[ok-edinburgh] Open Knowledge meeting

Thu Feb 25 13:06:18 UTC 2010

dear Bonnie, thanks for this.

On 25/02/2010 13:20, Bonnie Webber wrote:
> Robin/Jo - Is this too far-fetched a link to the content
> of your Open Knowlege meeting?
>
> http://www.nature.com/news/2009/090824/full/news.2009.857.html
>
> The robots that people are assuming will automatically
> annotate and enrich documents created in Google Wave can
> only work if the databases and texts they need to crawl
> are themselves open.

Robin mentioned Peter Murray-Rust, and I was thinking of him too.

He did a talk at a workshop on Text Mining applications in Manchester 
last year on just this subject.
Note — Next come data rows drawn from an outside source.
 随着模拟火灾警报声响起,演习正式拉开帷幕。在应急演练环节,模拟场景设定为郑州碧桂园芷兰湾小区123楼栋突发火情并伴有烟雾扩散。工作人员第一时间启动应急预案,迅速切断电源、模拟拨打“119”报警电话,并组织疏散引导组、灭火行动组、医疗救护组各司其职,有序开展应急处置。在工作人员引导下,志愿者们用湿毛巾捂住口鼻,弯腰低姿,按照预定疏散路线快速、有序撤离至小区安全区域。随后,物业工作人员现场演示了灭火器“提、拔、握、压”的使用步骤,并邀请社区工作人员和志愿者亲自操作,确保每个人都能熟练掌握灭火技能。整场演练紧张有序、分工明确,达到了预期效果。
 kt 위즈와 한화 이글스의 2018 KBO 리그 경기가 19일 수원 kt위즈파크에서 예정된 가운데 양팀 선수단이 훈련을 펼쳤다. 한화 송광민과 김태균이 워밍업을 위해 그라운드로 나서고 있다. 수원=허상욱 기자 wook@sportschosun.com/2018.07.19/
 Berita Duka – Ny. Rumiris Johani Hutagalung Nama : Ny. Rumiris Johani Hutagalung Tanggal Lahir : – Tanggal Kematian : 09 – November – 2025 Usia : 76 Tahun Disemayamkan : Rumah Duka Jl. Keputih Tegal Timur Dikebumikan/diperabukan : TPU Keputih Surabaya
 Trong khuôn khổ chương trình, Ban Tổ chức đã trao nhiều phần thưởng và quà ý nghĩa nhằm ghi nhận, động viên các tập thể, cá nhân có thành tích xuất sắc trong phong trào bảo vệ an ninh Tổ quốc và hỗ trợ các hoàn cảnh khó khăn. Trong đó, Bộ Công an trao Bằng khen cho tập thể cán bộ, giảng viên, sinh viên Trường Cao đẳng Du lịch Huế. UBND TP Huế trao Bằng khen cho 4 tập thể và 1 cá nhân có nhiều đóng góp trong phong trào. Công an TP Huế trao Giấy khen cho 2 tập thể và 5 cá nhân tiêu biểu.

A memorable line:
"My bots know a lot about chemistry, but nothing about copyright".

He challenged the speaker from Elsevier to commit to making currently 
"free" text that is not open for re-use, available for use by automated 
natural language processing tools, but the speaker could not commit.
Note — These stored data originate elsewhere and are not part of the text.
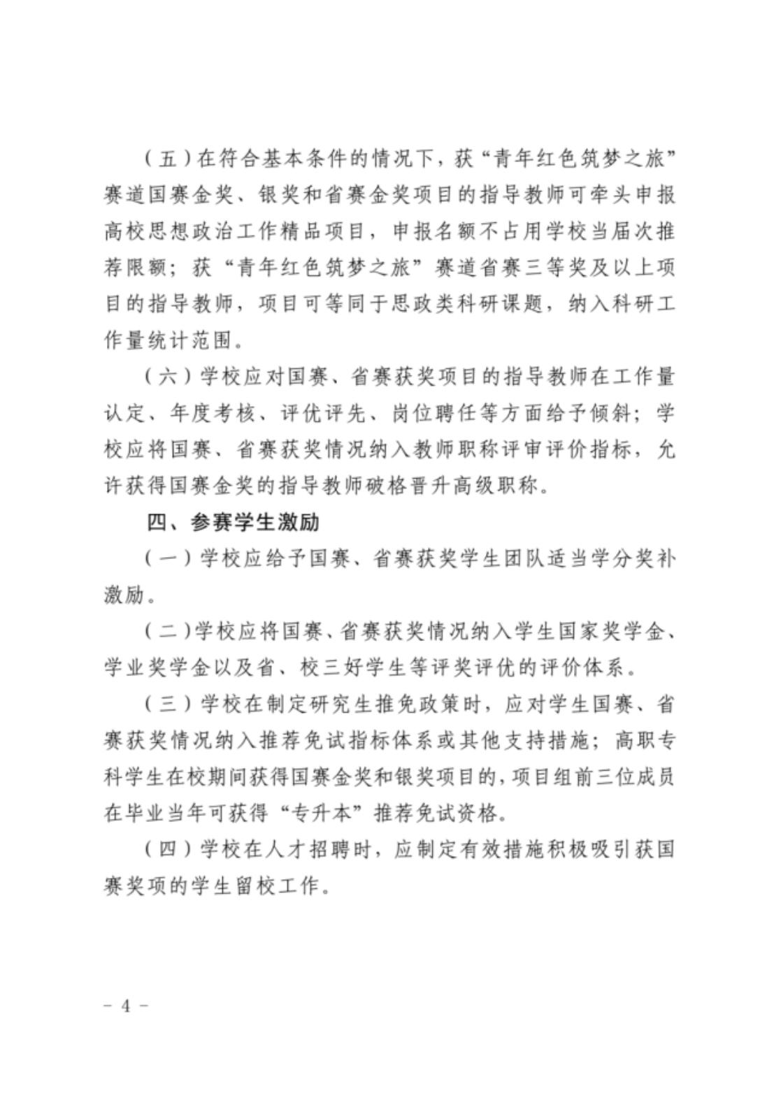 (三)在符合基本申报条件的情况下,国赛金奖项目指导教师(排位第二)、国赛银奖项目指导教师(排位第一)作为主持人或第一完成人,以该项目相关成果申报项目,可在自获奖通知发布之日起两年内享受以下激励政策:不占名额申报省级本科高校教育教学改革研究一般项目、省级中青年教师教育科研项目、省级本科课程(创新创业类)、省级课程思政示范项目或省级高校思想政治工作精品项目(“青年红色筑梦之旅”赛道获奖项目)各1次。
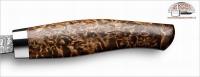 Karelian radica di betulla: • Paese di origine: terra di confine tra Russia e Est-Finlandia • Legno non molto duro ma duraturo, con una densità di 600-700 kg / mc • Legno di colorazione da quasi bianco a bruno-rossastro • Il legno classico dei manici di coltello scandinavi • La bella trama diventa visibile solo dopo elaborata incisione e trattamenti di oliatura.
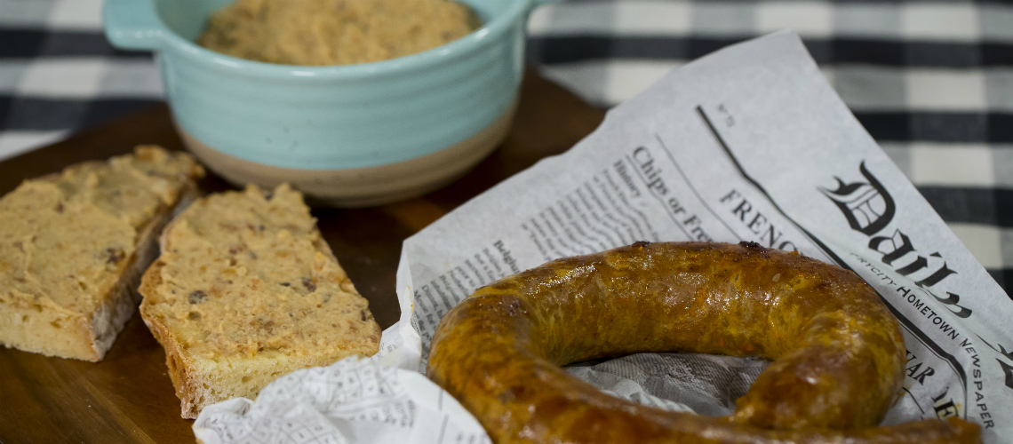 A kolbászhoz valókat (a fűszerek kivételével) aprítógéppel szinte pépesre darálom, majd sózom és fűszerezem. Alaposan összedolgozom, a beáztatott bélbe töltöm és 170 fokos sütőben pirosra sütöm.

Similar situation with OCLC, their terms of use on WorldCat expressly 
prohibit any automated crawling and parsing of the bibliographic 
metadata and fulltext papers, even for a pure research application.

There's been a lot of sponsorship of text mining / enhancement 
techniques in the physical sciences, particularly in chemistry and 
bioinformatics, where there's lots of consistent vocabulary, potential 
for serendipitous findings, generally low-hanging fruit.

The same techniques could work in law, archaeology, social sciences - 
there doesn't seem to be the same level of support, but researchers 
scratching their itches could prove viability for future investment - if 
the corpora they were working with had no re-use restrictions.

cheers,

jo
--